**Collected data**
╔══

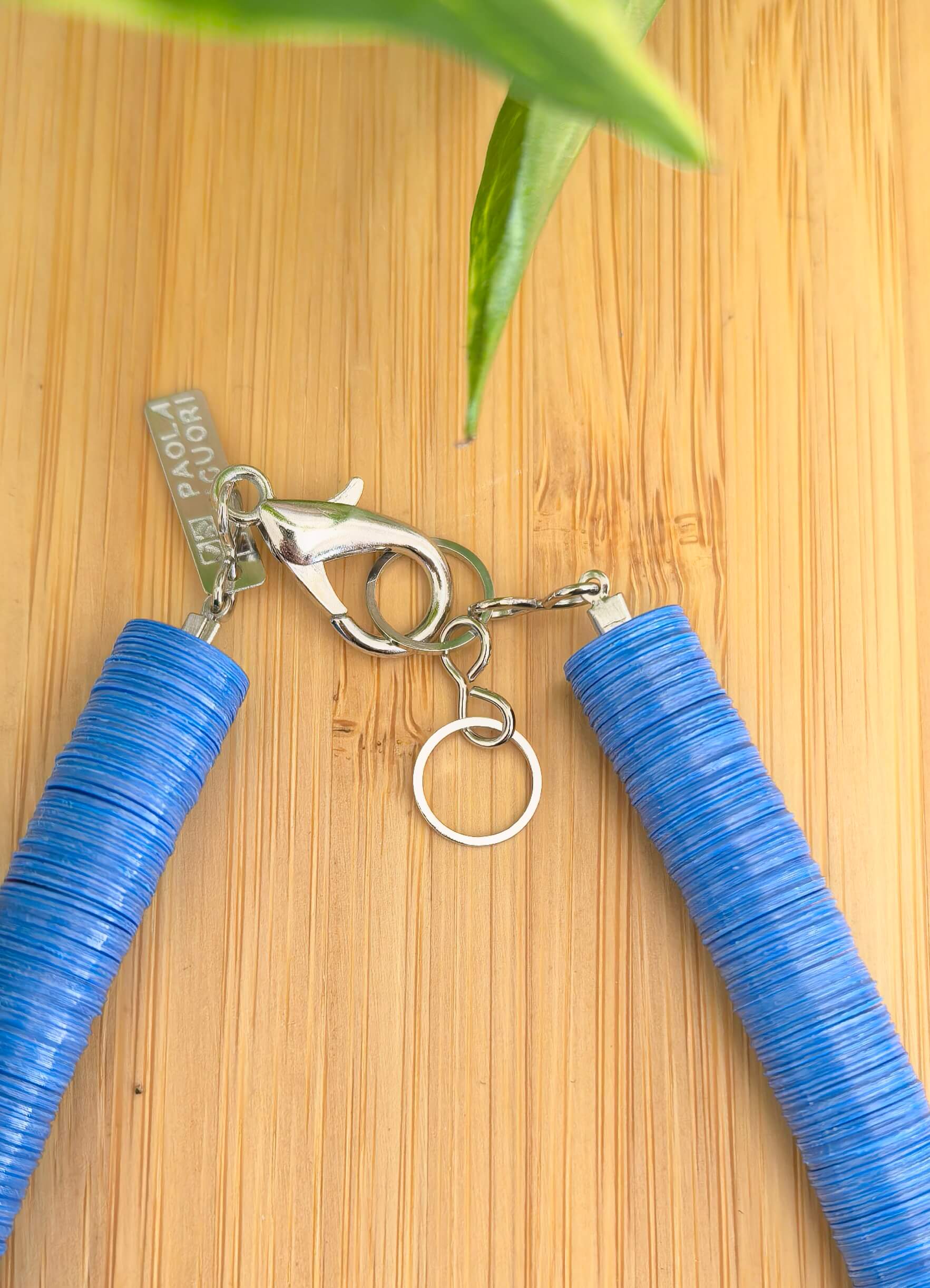 Com laterais em azul royal e detalhe central em azul turquesa, esta peça combina intensidade e leveza numa paleta moderna e cheia de estilo. Ideal para quem gosta de cores marcantes mas elegantes, é um acessório que ilumina qualquer coordenado — do casual ao mais requintado.
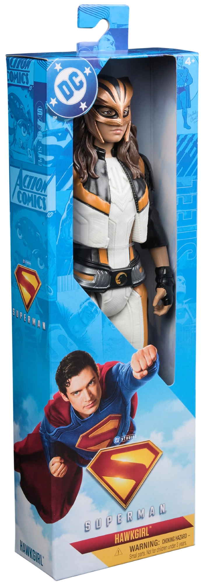 La figure di HAWKGIRL in tuta bianco-nera con accenti dorati riproduce fedelmente la versione a fumetti e animata della guerriera di Thanagar. Grazie a braccia, gambe e testa articolate imposterai facilmente pose d’azione per il combattimento e il volo con ali marroni separate.
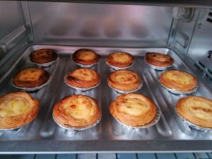 6、放入蛋挞,先下火200度烤20分钟,再上下火烤15分钟即可。

╚══

**Task prompt**
Leave every picture out and set down exactly the lines running from the one with "La figure di" to the last line of the material above.

**Answer box**
 La figure di HAWKGIRL in tuta bianco-nera con accenti dorati riproduce fedelmente la versione a fumetti e animata della guerriera di Thanagar. Grazie a braccia, gambe e testa articolate imposterai facilmente pose d’azione per il combattimento e il volo con ali marroni separate.
 6、放入蛋挞,先下火200度烤20分钟,再上下火烤15分钟即可。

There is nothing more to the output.